ROCHESTER, N.Y.—Though providing “an extraordinary proliferation of choice to the consumer,” the news and entertainment industries today are threatened by attacks on freedom of expression, Barry Meyer told the graduates at the University of Rochester’s 154th commencement today.

Meyer, chairman and chief executive officer of Warner Brothers Entertainment Inc., was the commencement speaker and received the Hutchison Medal, the University’s highest award for alumni.

Referring to calls for “prior restraint-preventive regulation” following Janet Jackson’s performance at this year’s Super Bowl, he described the incident as tasteless and inappropriate but cautioned, to audience applause, “It must not be used as an excuse to launch us down the slippery slope of restricting legitimate expression.

“Neither should political expedience,” he continued, explaining the public has “the right to have its emotions stirred” by pictures of flag-draped coffins or a recitation of the names of soldiers killed in Iraq. Meyer also decried “political correctness,” stating that calls to restrict the release of the movie The Passion of the Christ earlier this year because of presumed anti-Semitism were equally dangerous.

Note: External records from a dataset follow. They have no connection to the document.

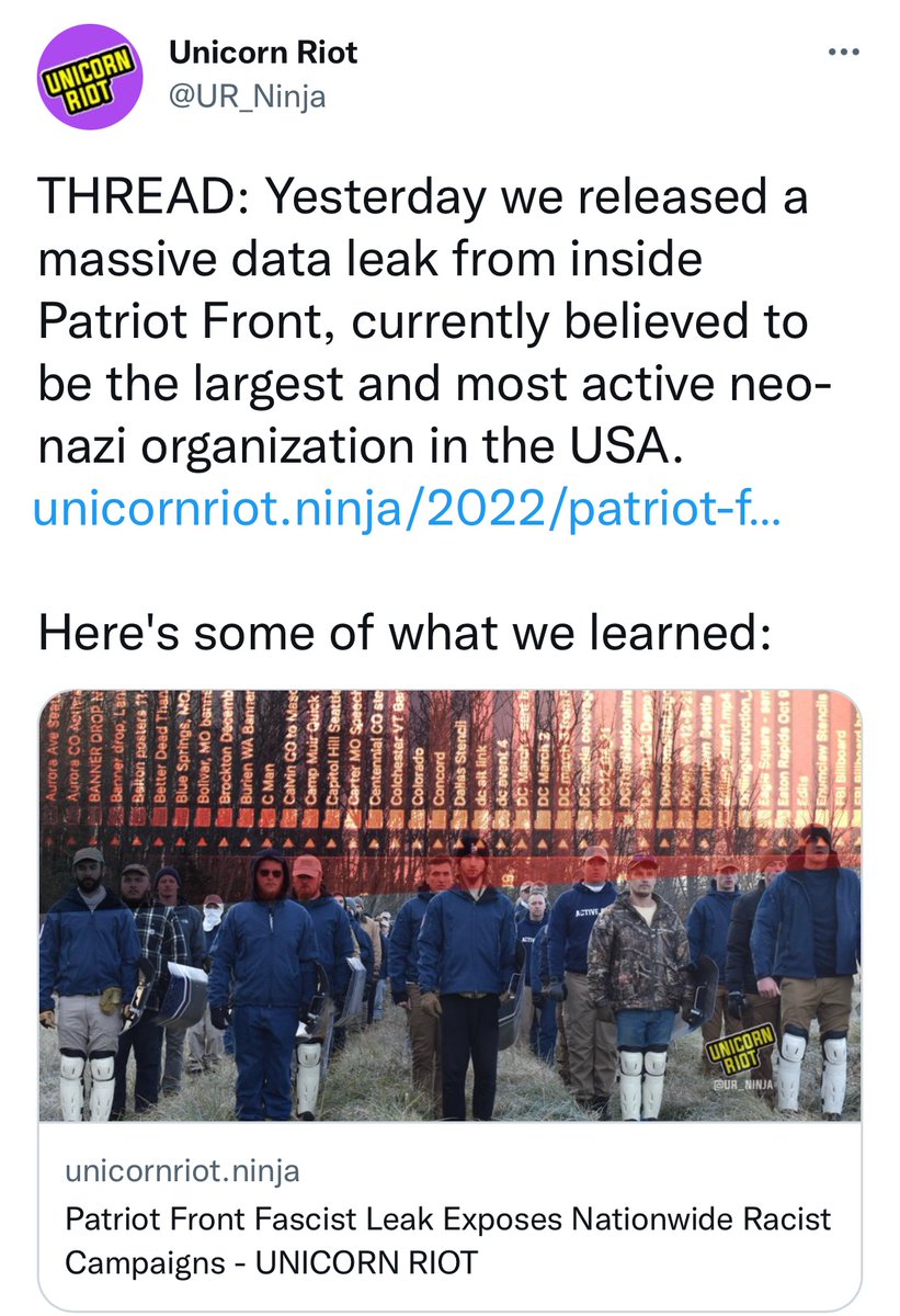 A few of the members have been arrested before. It’s possible they’re working down their charges. OR police have actual undercover officers in the group. unicornriot.ninja/wp-content/upl…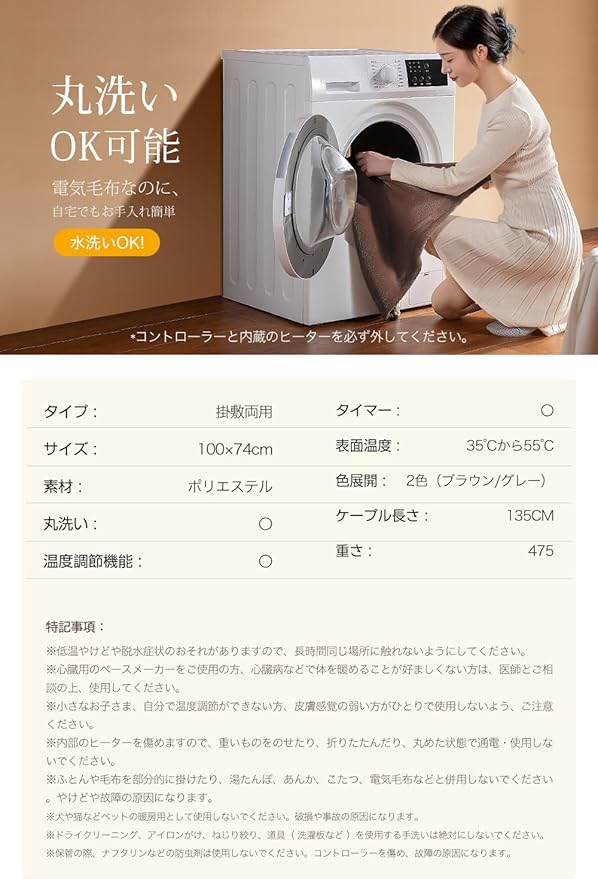 【丸洗い可能】自宅でもお手入れ簡単、手洗いも洗濯機洗いもOK。汚れたらヒーターとコードを外して、毛布のみ丸洗いできるのでいつでも清潔に使い続けます。【パッケージ内容】電気毛布(ヒーター&コントローラー付きのUSB電源コードは毛布内部に収納)、取扱説明書。【一年安心保証付き】万が一商品に不具合がある場合は、商品ページの販売店舗名をクリックして、「質問する」ボタンより店舗までご連絡いただければ迅速に対応いたします。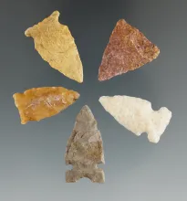 Set of five assorted points found in Eastern South Dakota, largest is 1 1/8". |

“See it or don’t see it. Be repulsed, be enthralled, or be bored. And, of course, we can’t tolerate any form of resulting persecution or discrimination. But the expression of opinion and point of view, however uncomfortable, must not be constrained,” he said.

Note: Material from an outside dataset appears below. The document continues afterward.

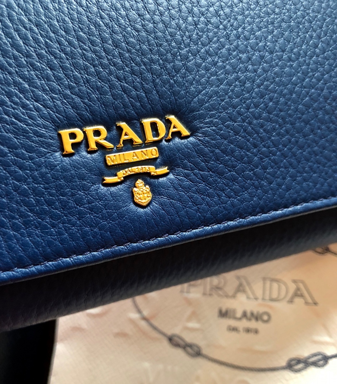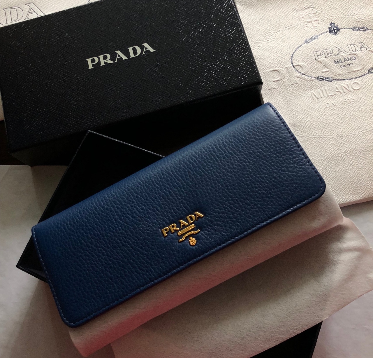 Коллекция 2017-2018 года, со встроенными визитницами, которые у PRADA отдельно стоят не менее 8-12т.р. Мягкая зернистая кожа, выделки VITELLO GRAIN, очень ноская и стойкая к царапинам. Портмоне полноценного формата, 19см на 9,5см. Насыщеного темно-синего цвета Bluette, с золотым металическим лого на клапане.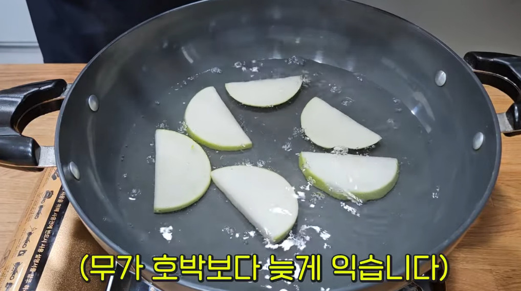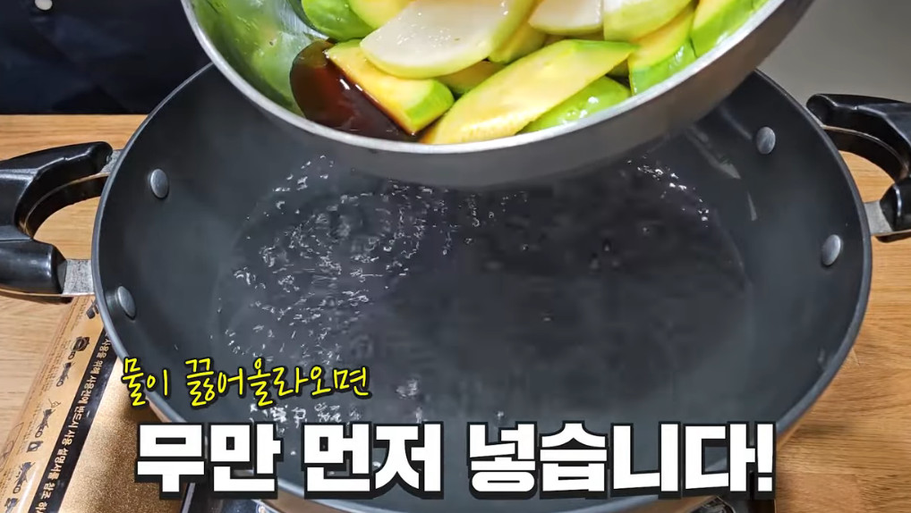 8. 물이 끓기 시작하면 무만 먼저 넣어주세요. 왜냐하면 무가 애호박보다 늦게 익기 때문이예요.

Meyer also discussed what he sees as the second dangerous trend in media and entertainment, a trend made easier by digital advancements: the call for unlimited distribution of copyrighted material. Noting the long history of copyright laws, he underscored the necessity of fair compensation and artistic control and how their curtailment could remove artists’ incentive and, consequently, diversity of choice.

“This to me is a matter of basic morality, not technology,” he noted. “The protection of an artist’s rights to what he has created and owns must not be dismantled just because there are new easy methods of circumventing those laws.”

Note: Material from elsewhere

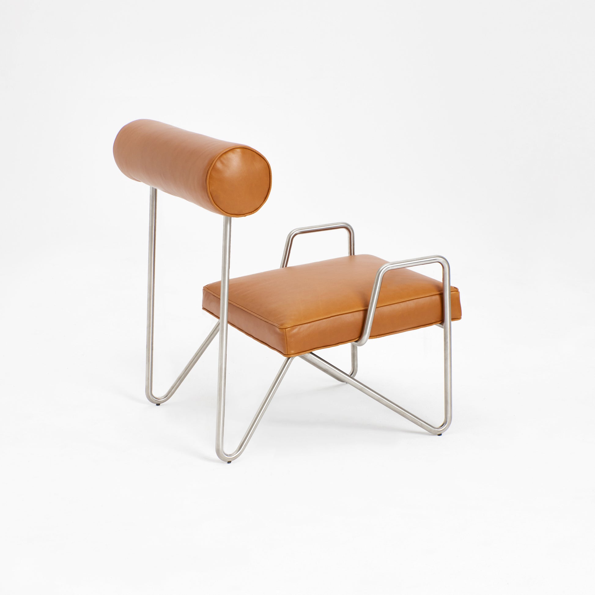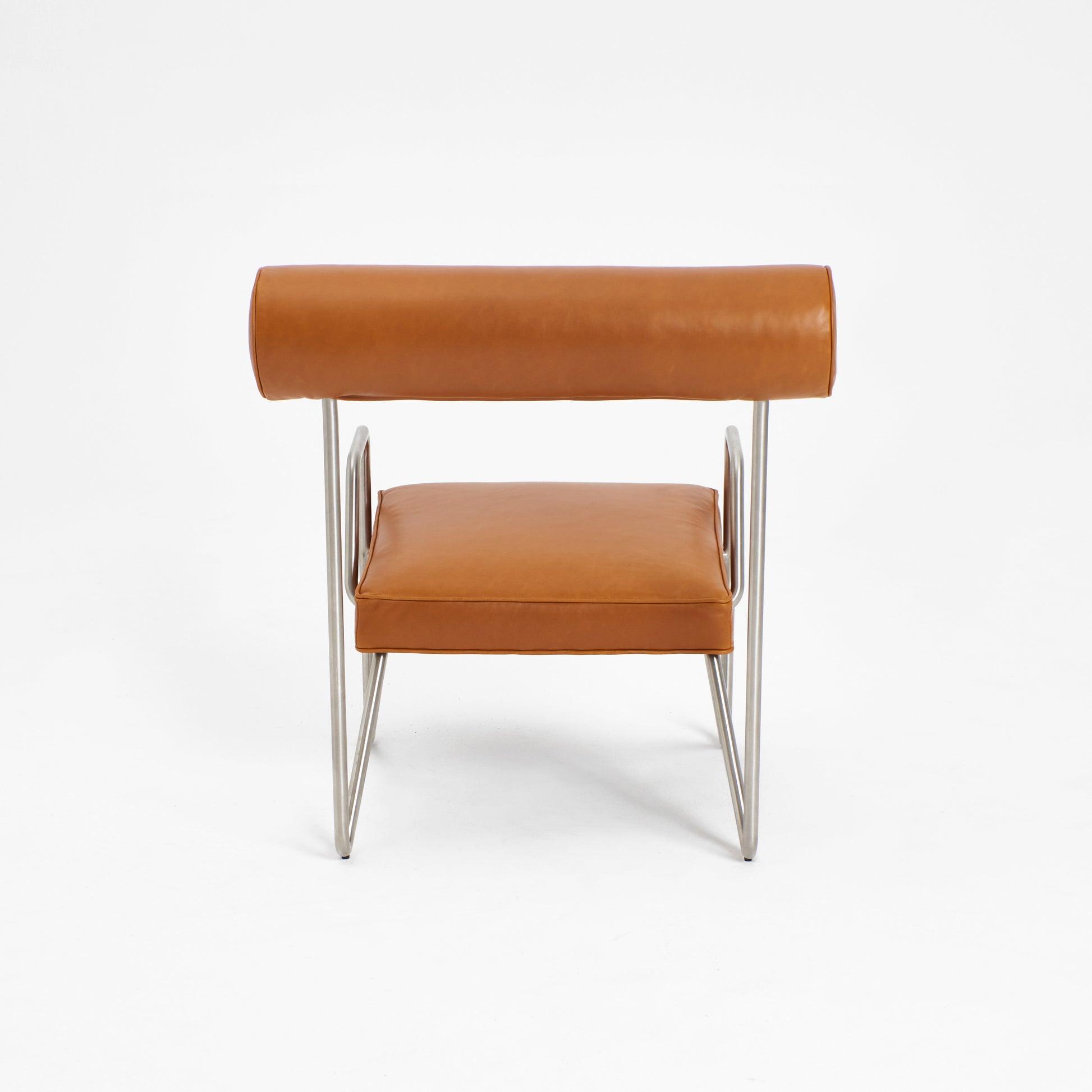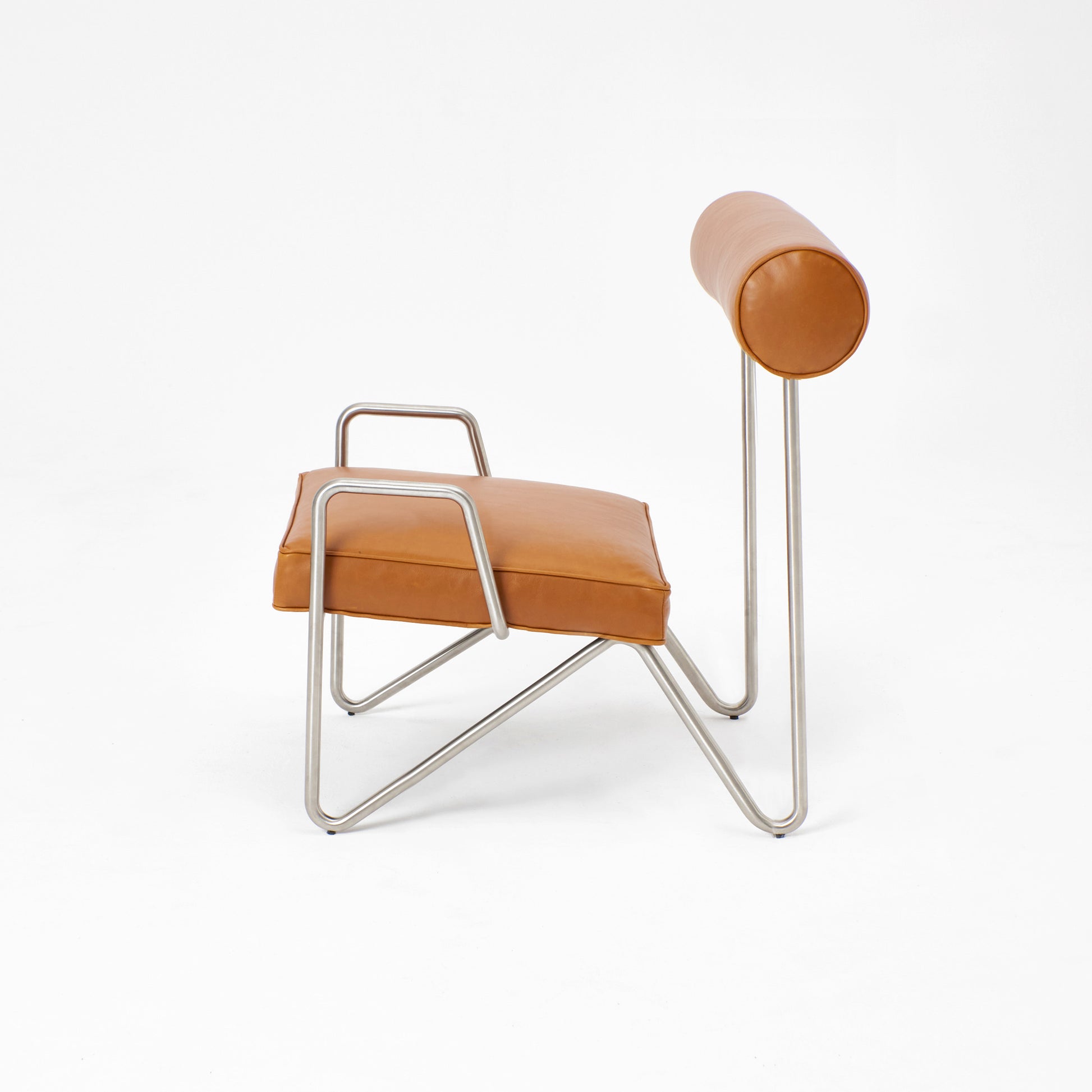 Simple yet ingenious, a continuous metal frame bent and shaped to form the base for a rich natural leather seat. The frame is engineered by shaping a single metal rod to yield an elegant, minimalistic design. Combined with rich sustainable leather of the seat and the backrest. The lounge chair tailors itself for both classical and modern surroundings.
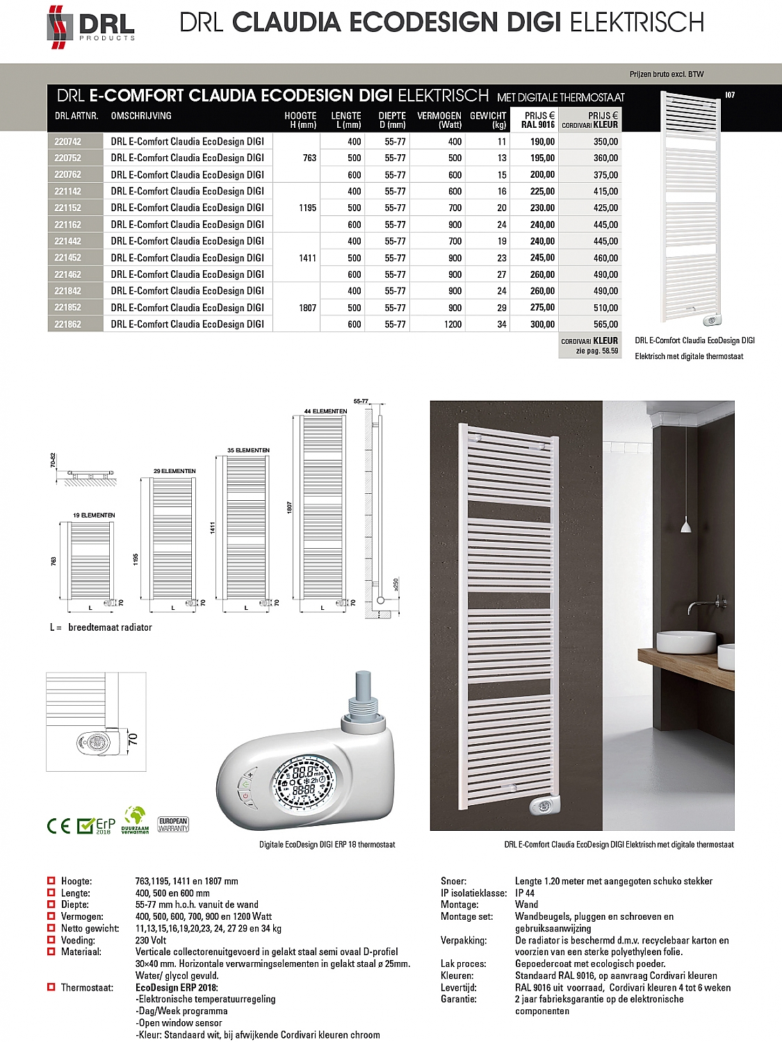 De DRL E-Comfort Claudia EcoDesign DIGI, is een klassieke en tijdloze elektrische handdoekradiator met digitale thermostaat werkend op basis van ruimtetemperatuur en voldoen aan de EcoDesign ERP18. De thermostaat is voorzien van een dag-weekklok, 2 uur timer Boost functie, Open Window sensor, antivorst en kinderslot. De Claudia EcoDesign DIGI elektrische handdoekradiatoren zijn leverbaar in de hoogtematen 763, 1195, 1411 en 1807mm en in de breedtematen 400, 500 en 600mm en zijn standaard leverbaar in de RAL kleur 9016.De vermogens variëren van 400 t/m 1200 Watt.

Meyer graduated from the University of Rochester in 1964 with a bachelor’s degree in English. He received his law degree from Case Western Reserve University in 1967. One of the most respected executives in the entertainment industry, Meyer became chairman and chief executive officer of Warner Brothers Entertainment Inc. in 1999 after having served as the studio’s executive vice president and chief operating officer since April 1994. Meyer joined the company in 1971 as business affairs director for the television division, following two-and-a-half years in both the legal and the business affairs departments of ABC Television Network.

Meyer often serves as a key advisor on industry-wide production, labor, and regulatory issues. He is on the boards of the Museum of Radio & Television and the University of Southern California School of Cinema-Television; a member of the Academy of Motion Picture Arts & Sciences and of the American Film Institute; a member and former Governor of the Academy of Television Arts & Sciences, and is involved in numerous charitable and civic activities, including serving as a director of Human Rights Watch.

Also at this morning’s ceremony, acclaimed author Andrea Barrett received an honorary Doctor of Humane Letters degree and Arunas Chesonis, chairman and chief executive officer of PAETEC Communications Inc., received an Honorary Doctor of Laws degree.

Barrett won the National Book Award for Fiction in 1996 and is the recipient of the highly esteemed MacArthur Fellowship. She makes her home in Rochester and teaches in the Master of Fine Arts Program for Writers at Warren Wilson College in North Carolina.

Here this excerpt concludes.